In this work, we address those questions by separately comparing the time to sample states during the training (training time) and querying the model after the training phase (exploitation time) and the performance of both classical and quantum-RBMs (QRBMs) on standardized cybersecurity datasets. In particular, we trained an RBM as a network intrusion detection system^44,45,46,47 (NIDS) on two real-world cybersecurity datasets (NSL-KDD and CSE-CIC-IDS2018, respectively) to detect a quantum speed-up of today’s hardware by employing a quantum annealer and an equivalent model trained using the CD on classical hardware. Specifically, we compare a single-core CPU, a 128-core processor, and a quantum chip with a single copy of the model. RBM on classical computers^48,49,50,51 and QRBM on an AQA have already been trained on cybersecurity data⁵², providing a proof of concept that a QA-based RBM can be trained on a 64-bit binary dataset.

Data from the cybersecurity world have previously been used for RBM training. Specifically, Aldwairi et al.⁵⁰ conducted a study where they trained an RBM using CD and PCD on the ISCX 2012 dataset. The results showed an accuracy rate of over 88%. Dixit et al.⁵³ trained an RBM on the D-Wave 2000Q employing it as both a classifier and a generative model, showing a proof of concept that a QA-based RBM can be trained on a 64-bit binary dataset. Hybrid approaches were also employed by Li et al.⁵⁴, who trained 10% of the KDD-99 dataset by first reducing its dimensionality using an autoencoder and then employing a deep belief network for classification. Similarly, Salama et al.⁵⁵ used a hybrid approach, employing a deep belief network for dimensionality reduction and a support vector machine for classification.

Previously, one of us has already shown the training of a fully connected QRBM by embedding techniques³⁷, also including reverse annealing³⁸, and quantum supervised learning in gate-model quantum computers by both variational methods⁵⁶, quantum neural networks²¹, and quantum adversarial networks⁵⁷. Here we find that sampling from the D-Wave Advantage quantum annealer returns a computational complexity that scales linearly with the number of QRBM units and the number of samples extracted, comparable with the classical algorithm. Still, the computational advantage of the quantum device could result in a reduction by orders of magnitude of the computational times. Such a speed-up is problem dependent since the computational time depends on the number of units, the number of Gibbs steps performed, and the number of quantum samples extracted from the quantum machine. The reduction in the computational times could be prominent today in all applications where datasets are massive, with many features, or alternatively, the models need to be re-trained to adapt to continuous changes, such as within the context of cybersecurity applications and intrusion detection systems.

We observed, by comparing the RBMs and QRBMs, that for the real-world cybersecurity datasets like NSL-KDD and CSE-CIC-IDS2018, sampling states for the negative phase are handled up to 64 times faster by the AQA during the training than the single-core times and 41 times faster than the 128 threads CPU. Therefore, we detected a quantum speed-up in existing hardware on real-world data, although it highly depends on the problem’s characteristics.

Results

RBMs form a class of neural networks composed of units that can assume binary values, forming a bipartite system coupled by real weighted connections.
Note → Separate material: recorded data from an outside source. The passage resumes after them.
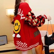 NT-0234 カーディガン ヒョウ柄 ポップ スマイル ニット ルーズ レディース カジュアル トップス シンプル 可愛い お洒落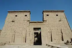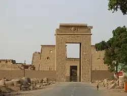 The Temple of Khonsu is an ancient Egyptian temple. It is located within the large Precinct of Amun-Re at Karnak, in Luxor, Egypt.[1] The edifice is an example of an almost complete New Kingdom temple, and was originally constructed by Ramesses III on the site of an earlier temple.[2] The gateway of this temple is at the end of the avenue of sphinxes that ran to the Luxor Temple. In Ptolemaic times, Ptolemy III Euergetes constructed a great gateway and enclosure wall for the temple; only the gateway now remains (see below). Inscriptions inside the forecourt of the temple were made in the time of Herihor.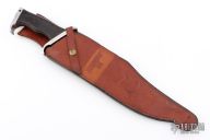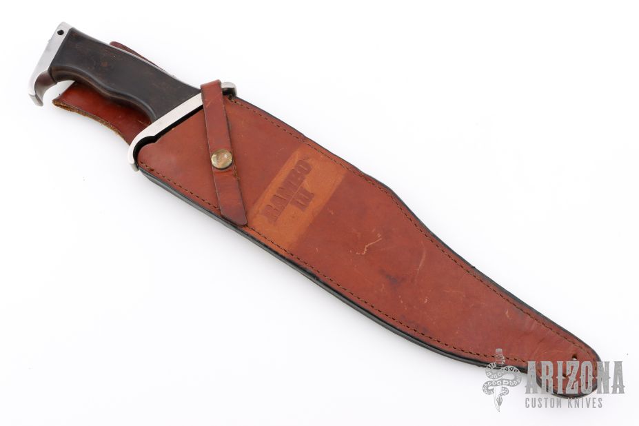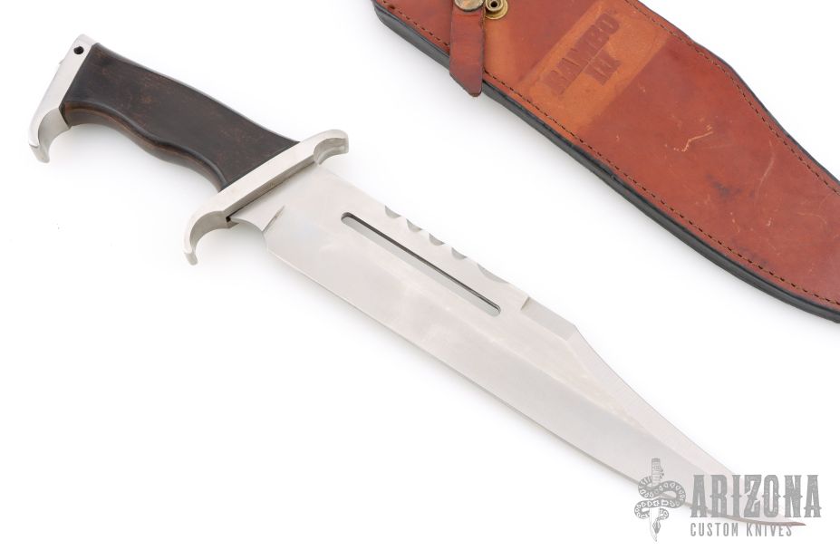 This Rambo III by United Cutlery features a double stainless guard and pommel with a stained wood grip. Blade is .238" thick and 1.937" deep. Satin finished blade with a nearly sharpened top edge, slot and fileworked spine. Hidden tang construction. Includes a brown leather sheath. Designed by Gil Hibben. Has some light scratches, otherwise excellent condition.

The visible units represent the model input/output, while the hidden units raise the RBM’s ability to mimic the dataset’s structure. RBMs can be trained by both a supervised⁵⁸ or unsupervised learning algorithm³⁶, depending on the specific task. The training procedure consists of carefully modifying the model weights to learn how to generate and reconstruct the essential information encoded in the dataset. Several training procedures exist, including the use of quantum annealers, as shown in Fig. 1. The advantage of employing the D-Wave adiabatic quantum machine to exploit RBMs could emerge as an increase of performance metrics or as a reduction in the computational times, such as the training time and the query time. Reducing the training time is essential in all the applications where the model needs to be re-trained periodically to adapt to constantly changing environments^{59,60,61,62,63}, while reducing the query time is crucial for all applications that benefit from the faster response possible, such as in some anomaly detection tasks⁶⁴.
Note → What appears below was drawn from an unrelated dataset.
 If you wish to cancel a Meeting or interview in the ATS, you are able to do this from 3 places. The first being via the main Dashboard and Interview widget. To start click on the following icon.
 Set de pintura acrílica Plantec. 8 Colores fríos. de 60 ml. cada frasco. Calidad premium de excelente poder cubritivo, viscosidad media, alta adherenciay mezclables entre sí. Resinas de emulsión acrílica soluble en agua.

**Fig. 1: Overview of the quantum and classical loop to train a restricted Boltzmann machine.**

Evaluation of the computational times

To quantify the potential advantage of the D-Wave quantum annealer in reducing computational time, we independently compared the times required to estimate the negative phase by a classical RBM and a QRBM implemented on the D-Wave quantum annealer. In such analysis, we are neglecting the performances of the models on a specific task, focusing on the computational times to estimate the negative phase only, which depends on the size of the models, the number of CD steps k, or the number of samples extracted by the QPU only.

The only difference between the quantum and classical approaches consists of the different methods to sample states with the correct Boltzmann distribution from the model. Since the computational time depends on the size of the model, we selected 676 different RBMs by varying the number of visible (N) and hidden (N_h) units. We measured the time required to perform k CD steps to benchmark the classical RBM. Figure 2 displays the classical times it takes to execute k steps by using either one thread or 128 threads of an AMD Ryzen Threadripper 3990X processor. The classical times highly depend on the size of the model, growing linearly by increasing the number of involved nodes and the number of CD steps.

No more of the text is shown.